EPA should check for more chemicals in drinking water, advisers say

Science Advisory Board recommends more bisphenols as candidates for monitoring and an expanded definition of PFAS

by Cheryl Hogue
August 25, 2022 | A version of this story appeared in Volume 100, Issue 30

 

A man standing at a sink drinks water from his cupped hand.
Credit: Shutterstock

The US Environmental Protection Agency should add more industrial chemicals to its draft list of candidates for drinking-​water monitoring, according to the EPA’s Science Advisory Board (SAB).

The recommendation came after the board reviewed the EPA’s 2021 draft list of chemicals and biological materials that are candidates for future regulations under the Safe Drinking Water Act.

That draft list includes per- and polyfluoroalkyl substances (PFAS). In an Aug. 19 report to EPA administrator Michael Regan, the board recommends that the agency expand its definition of PFAS “to capture all relevant fluorinated compounds and degradates in commercial use or entering the environment” so that such chemicals are included in the final version of the list.

Bisphenol A, an estrogen-​mimicking substance, is on the draft list. The SAB suggests that the agency also add bisphenols F and S—chemical cousins to and substitutes for bisphenol A—to the final list. The EPA should consider including bisphenols AF, B, D, and E as well, the report says.

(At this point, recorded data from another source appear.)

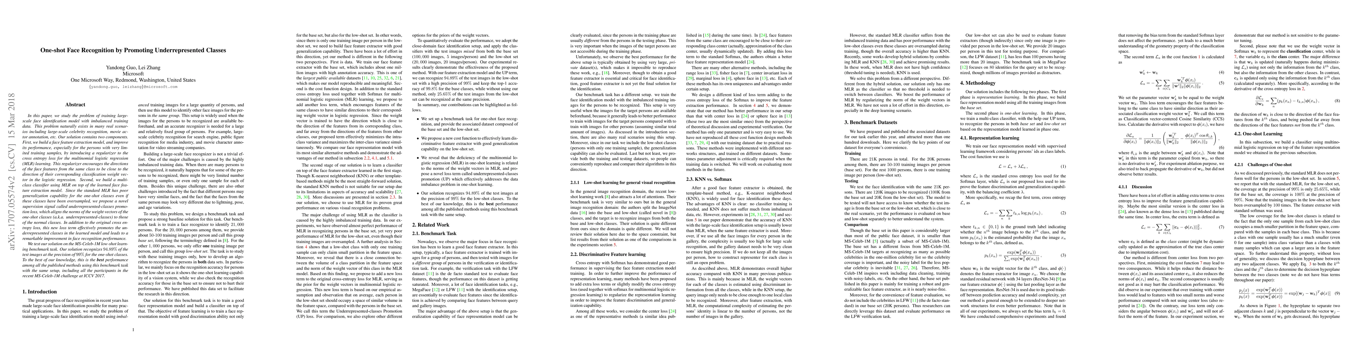 In this paper, we study the problem of training large-scale face identification model with imbalanced training data. This problem naturally exists in many real scenarios including large-scale celebrity recognition, movie actor annotation, etc. Our solution contains two components. First, we build a face feature extraction model, and improve its performance, especially for the persons with very limited training samples, by introducing a regularizer to the cross entropy loss for the multi-nomial logistic regression (MLR) learning. This regularizer encourages the directions of the face features from the same class to be close to the direction of their corresponding classification weight vector in the logistic regression. Second, we build a multi-class classifier using MLR on top of the learned face feature extraction model. Since the standard MLR has poor generalization capability for the one-shot classes even if these classes have been oversampled, we propose a novel supervision signal called underrepresented-classes promotion loss, which aligns the norms of the weight vectors of the one-shot classes (a.k.a. underrepresented-classes) to those of the normal classes. In addition to the original cross entropy loss, this new loss term effectively promotes the underrepresented classes in the learned model and leads to a remarkable improvement in face recognition performance. We test our solution on the MS-Celeb-1M low-shot learning benchmark task. Our solution recognizes 94.89% of the test images at the precision of 99\% for the one-shot classes. To the best of our knowledge, this is the best performance among all the published methods using this benchmark task with the same setup, including all the participants in the recent MS-Celeb-1M challenge at ICCV 2017.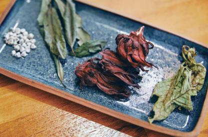 ニッケイ)については、「ニッケイとはいいます が、山肉桂にはニッケイの香りはありません。樹皮 から葉、種まで異なる香りがあるのです。葉はラン 科のハベナリア・ロドケイラの花のような爽やかな 香り、果実はレモングラスと馬告(山胡椒)を合わ せたような鮮烈な香りがします」と蘇立中は語る。 山肉桂は彼が新竹の泰雅族(タイヤル族)の集落で 出逢った樹木で、泰雅族のほか、花蓮の阿美族も使 用する。「果実は豚肉を漬け込んだり、葉は丸鶏の 腹に詰めて焼いたり、枝を燻して燻製肉を作ったり できます」と言うように、使用法も多彩だ。 野草を生活の中に取り入れる最適の方法は、使 い方を学ぶことだ。蘇立中がレシピを開発すると き、彼が考えるのはハーブの効能ではなく、その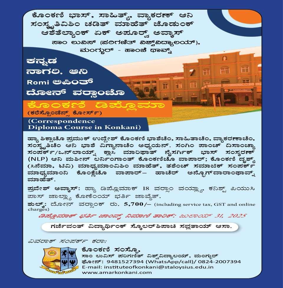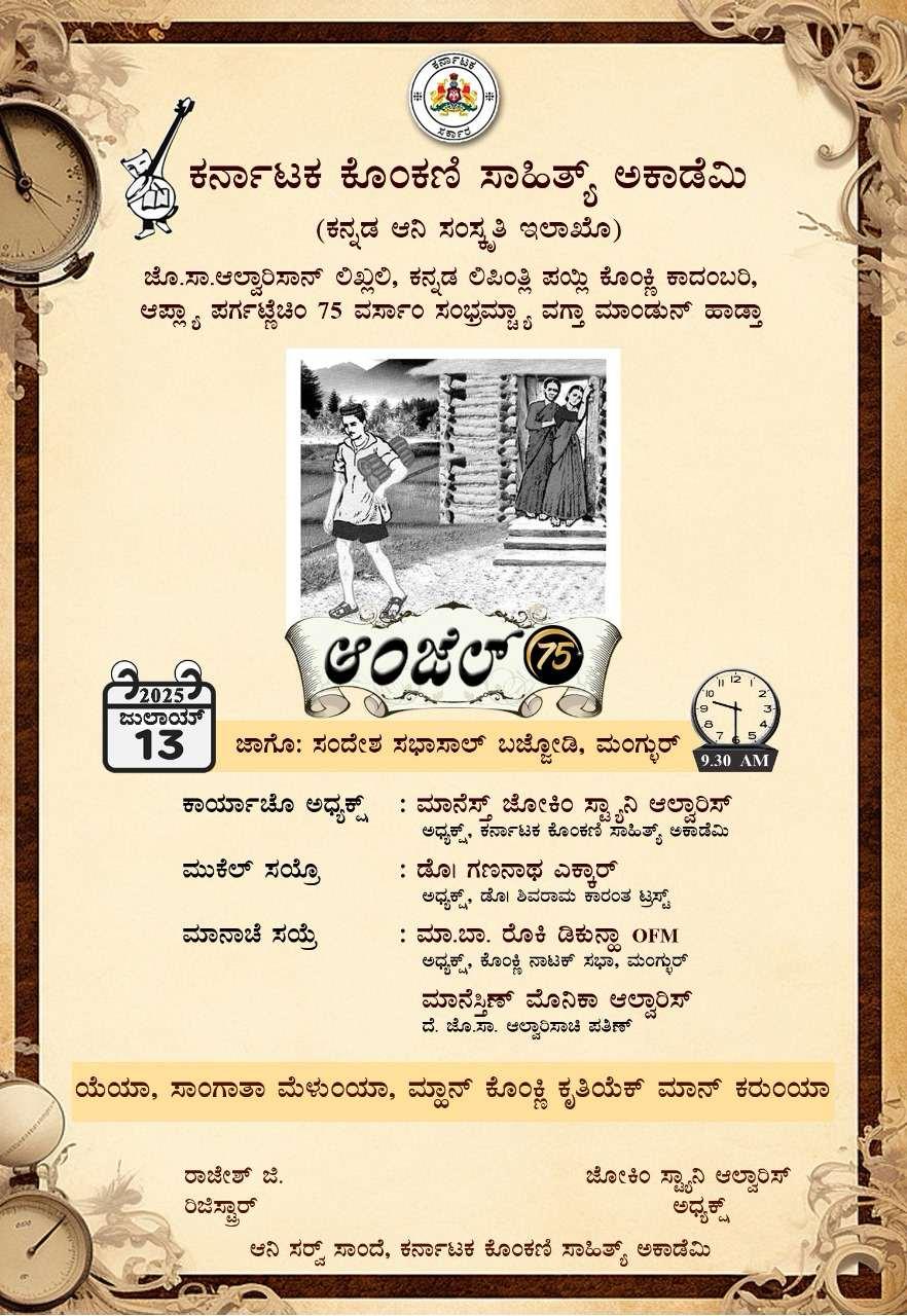 The first Konkani Novel in Kannada script, Aangel , is completing 75 years in 2025. It was published in 1950 at Mangalore. Joachim

Organophosphate esters as a group should be added to the final list, the report says. The EPA’s draft includes two of these molecules, tributyl phosphate and tris(2-chloroethyl) phosphate. Listing organophosphate esters as a group would “encourage additional research to elucidate the full impact” of these substances on children’s health, the report says.

In the future, the EPA should consider antimicrobials, antimicrobial-resistance genes, microplastics, and nanoparticles as candidates for monitoring, the SAB says.